RECORDED INFORMATION:

-------

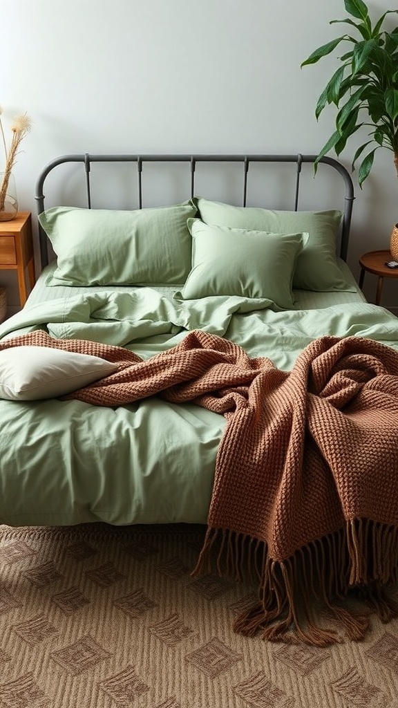 The image showcases a beautifully arranged bed with sage green sheets and pillows. The addition of a warm, textured brown throw blanket adds depth and contrast. This combination not only looks stylish but also creates a comfortable atmosphere for studying or relaxing.
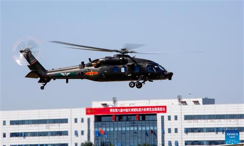 A People's Liberation Army team puts on a performance in Z-10 attack helicopters during the 6th China Helicopter Exposition in north China's Tianjin Municipality, September 15, 2023. Photo: Xinhua
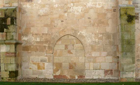 Ya se ha dicho al describir la planta que el frente meridional presenta una fachada superpuesta a la primitiva, la que correspondería al muro de esta misma orientación de la nave única original.
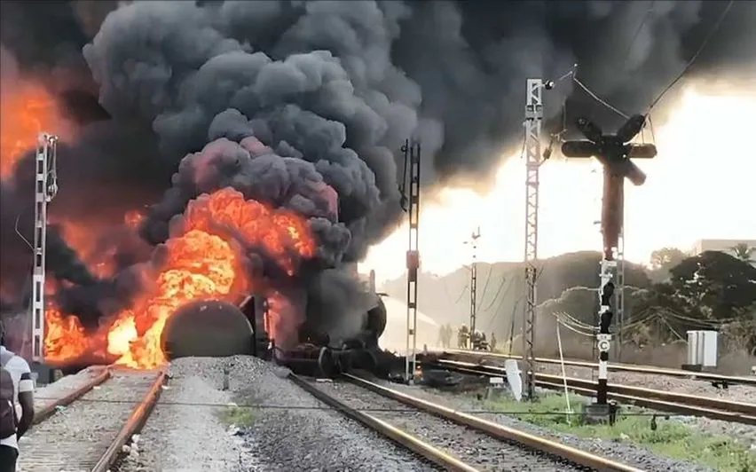 തിരുവള്ളൂരിലെ മണലി ഹാള്ട്ട് റെയില്വെ സ്റ്റേഷനിൽ നിന്ന് തിരുപ്പതി മേഖലയിലേക്ക് പോവുകയായിരുന്ന ചരക്കു ട്രെയിനാണ് അപകടത്തിൽപെട്ടത്. ട്രെയിനിന് തീപിടിച്ചതോടെ സമീപ പ്രദേശങ്ങളിലുള്ളവരെ ഉടൻ തന്നെ സ്ഥലത്ത് നിന്ന് സുരക്ഷിത സ്ഥാനങ്ങളിലേക്ക് മാറ്റിയത് അപകടത്തിൻ്റെ തീവ്രത ഒഴിവാകാൻ സഹായകമായി. സംഭവത്തിൽ റെയിൽവെ അന്വേഷണം ആരംഭിച്ചു.

-------

YOUR GOAL: The data above is to be printed exactly, all of it, except for the pictures.

ANSWER AREA:
 The image showcases a beautifully arranged bed with sage green sheets and pillows. The addition of a warm, textured brown throw blanket adds depth and contrast. This combination not only looks stylish but also creates a comfortable atmosphere for studying or relaxing.
 A People's Liberation Army team puts on a performance in Z-10 attack helicopters during the 6th China Helicopter Exposition in north China's Tianjin Municipality, September 15, 2023. Photo: Xinhua
 Ya se ha dicho al describir la planta que el frente meridional presenta una fachada superpuesta a la primitiva, la que correspondería al muro de esta misma orientación de la nave única original.
 തിരുവള്ളൂരിലെ മണലി ഹാള്ട്ട് റെയില്വെ സ്റ്റേഷനിൽ നിന്ന് തിരുപ്പതി മേഖലയിലേക്ക് പോവുകയായിരുന്ന ചരക്കു ട്രെയിനാണ് അപകടത്തിൽപെട്ടത്. ട്രെയിനിന് തീപിടിച്ചതോടെ സമീപ പ്രദേശങ്ങളിലുള്ളവരെ ഉടൻ തന്നെ സ്ഥലത്ത് നിന്ന് സുരക്ഷിത സ്ഥാനങ്ങളിലേക്ക് മാറ്റിയത് അപകടത്തിൻ്റെ തീവ്രത ഒഴിവാകാൻ സഹായകമായി. സംഭവത്തിൽ റെയിൽവെ അന്വേഷണം ആരംഭിച്ചു.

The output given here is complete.